Your assignment – Your job is to return each record exactly, minus any pictures.

Supplied data START

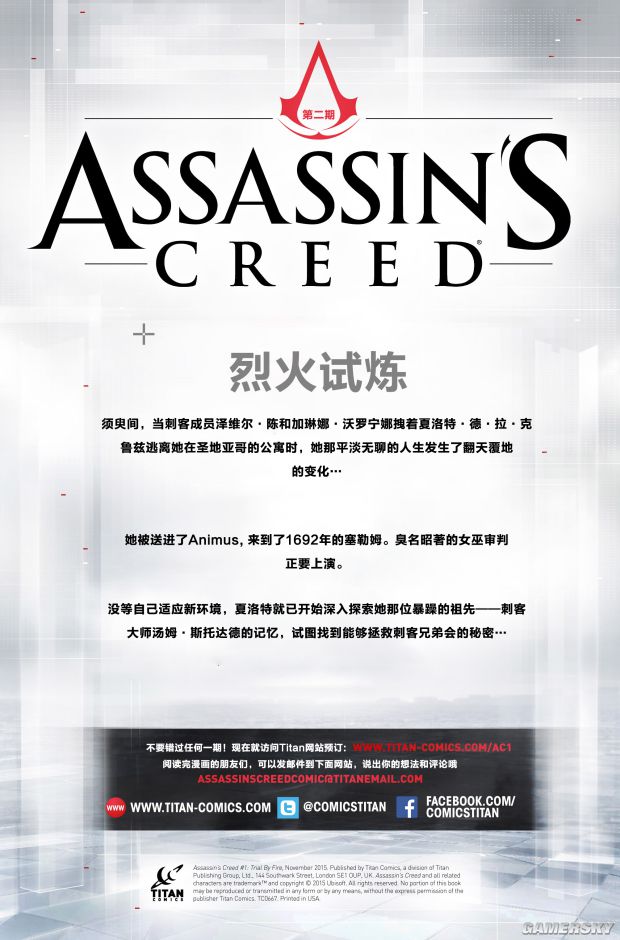 《刺客信条:刺客》系列漫画分三个故事,第一个故事“烈火试炼”发生在十七世纪末,塞勒姆女巫审判期间。现代女刺客夏洛特通过Animus以其祖先的视角经历了这一惨剧的发生。本次发布《刺客信条:刺客》之烈火试炼第2期,后续章节将陆续发布,敬请期待!
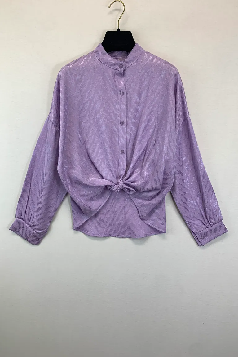 Camicia con collo alla coreana, motivo lucido
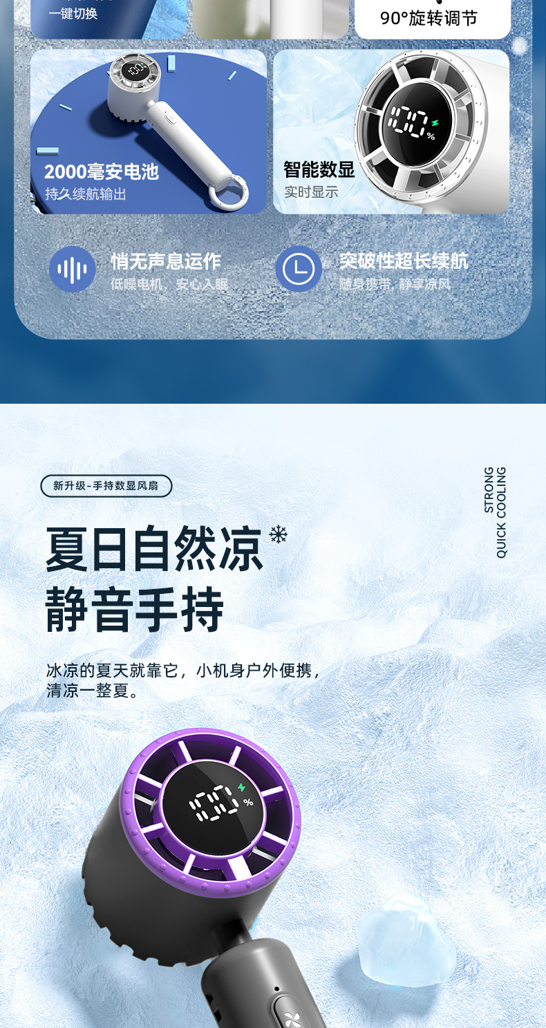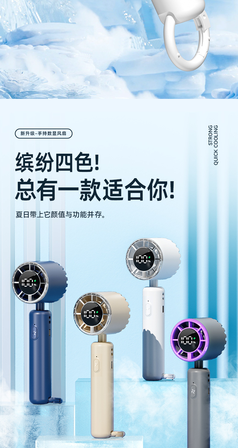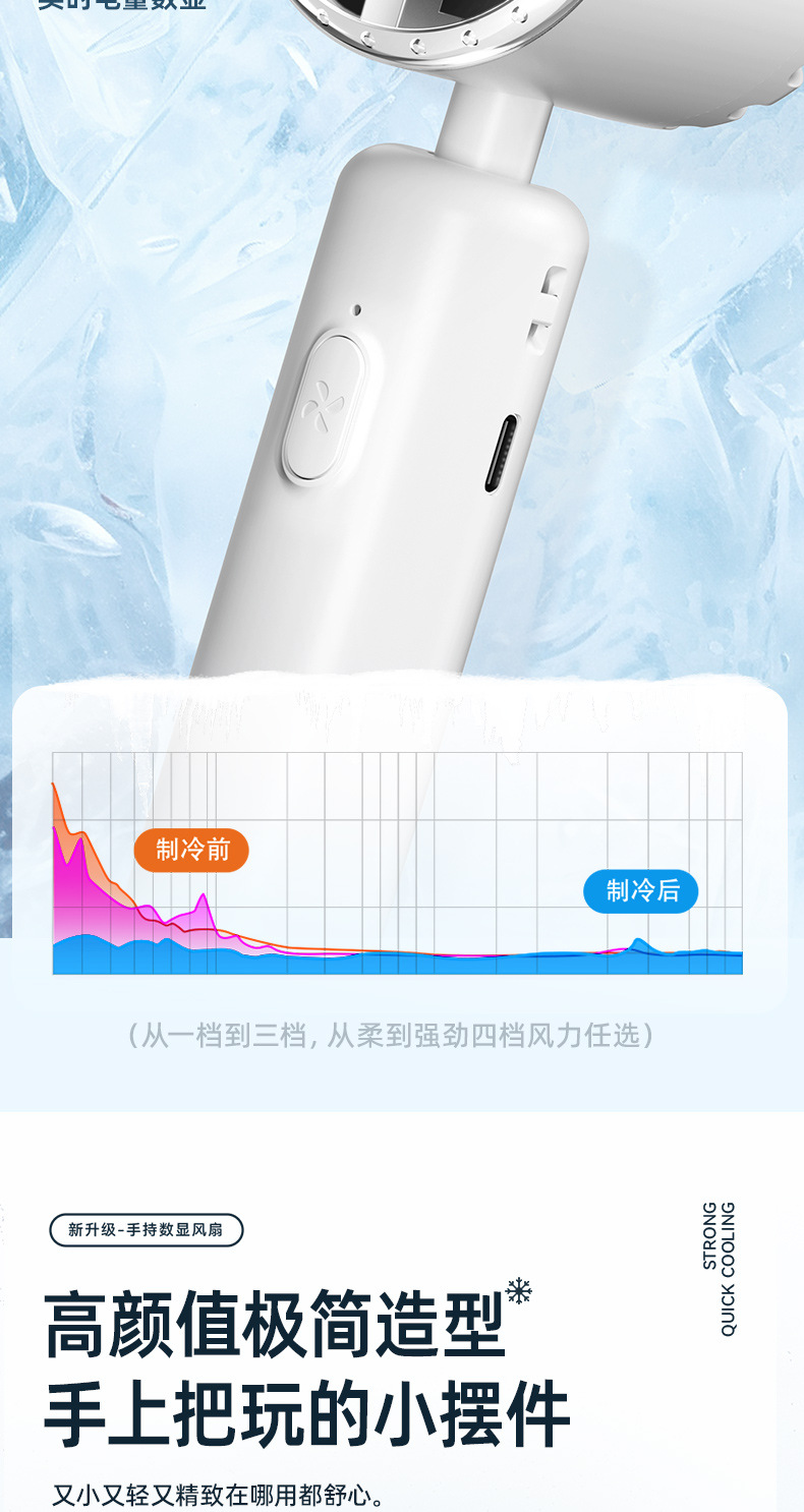 2025冰敷手持风扇办公户外便携式usb数显制冷暴力高速涡轮小风扇
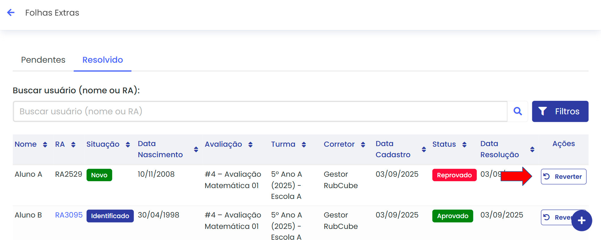 Cada linha mostra a combinação de usuário, escola, turma, fase e avaliação.
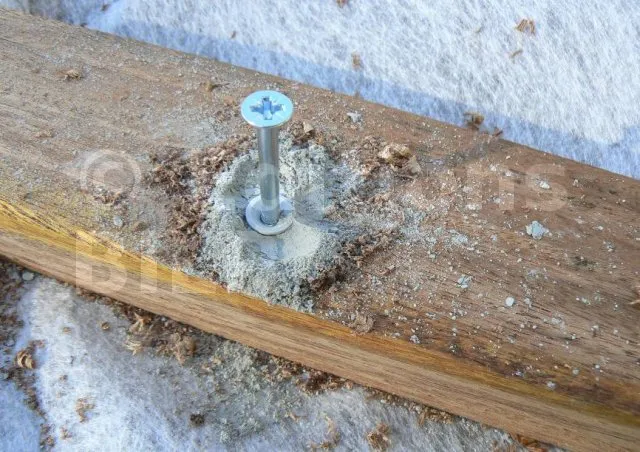 Sur les lambourdes en bois dur, il est conseillé d’usiner une petite cuvette de façon à ce que le haut de la tête de la vis se situe sous la surface de la lambourde. Ainsi, la tête de la vis ne gêne pas la fixation des lames. Pour les lambourdes en résineux, cette opération n’est pas nécessaire car la tête peut s’enfoncer dans la lambourde en bois tendre, en particulier avec les vis MULTI-MONTI TimberConnect.
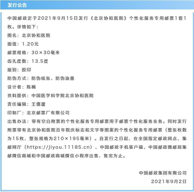 9月15日,中国邮政将启用本年度第三套个性化专用邮票——《北京协和医院》个性化专用邮票。

Supplied data END

Expected answer –
 《刺客信条:刺客》系列漫画分三个故事,第一个故事“烈火试炼”发生在十七世纪末,塞勒姆女巫审判期间。现代女刺客夏洛特通过Animus以其祖先的视角经历了这一惨剧的发生。本次发布《刺客信条:刺客》之烈火试炼第2期,后续章节将陆续发布,敬请期待!
 Camicia con collo alla coreana, motivo lucido
 2025冰敷手持风扇办公户外便携式usb数显制冷暴力高速涡轮小风扇
 Cada linha mostra a combinação de usuário, escola, turma, fase e avaliação.
 Sur les lambourdes en bois dur, il est conseillé d’usiner une petite cuvette de façon à ce que le haut de la tête de la vis se situe sous la surface de la lambourde. Ainsi, la tête de la vis ne gêne pas la fixation des lames. Pour les lambourdes en résineux, cette opération n’est pas nécessaire car la tête peut s’enfoncer dans la lambourde en bois tendre, en particulier avec les vis MULTI-MONTI TimberConnect.
 9月15日,中国邮政将启用本年度第三套个性化专用邮票——《北京协和医院》个性化专用邮票。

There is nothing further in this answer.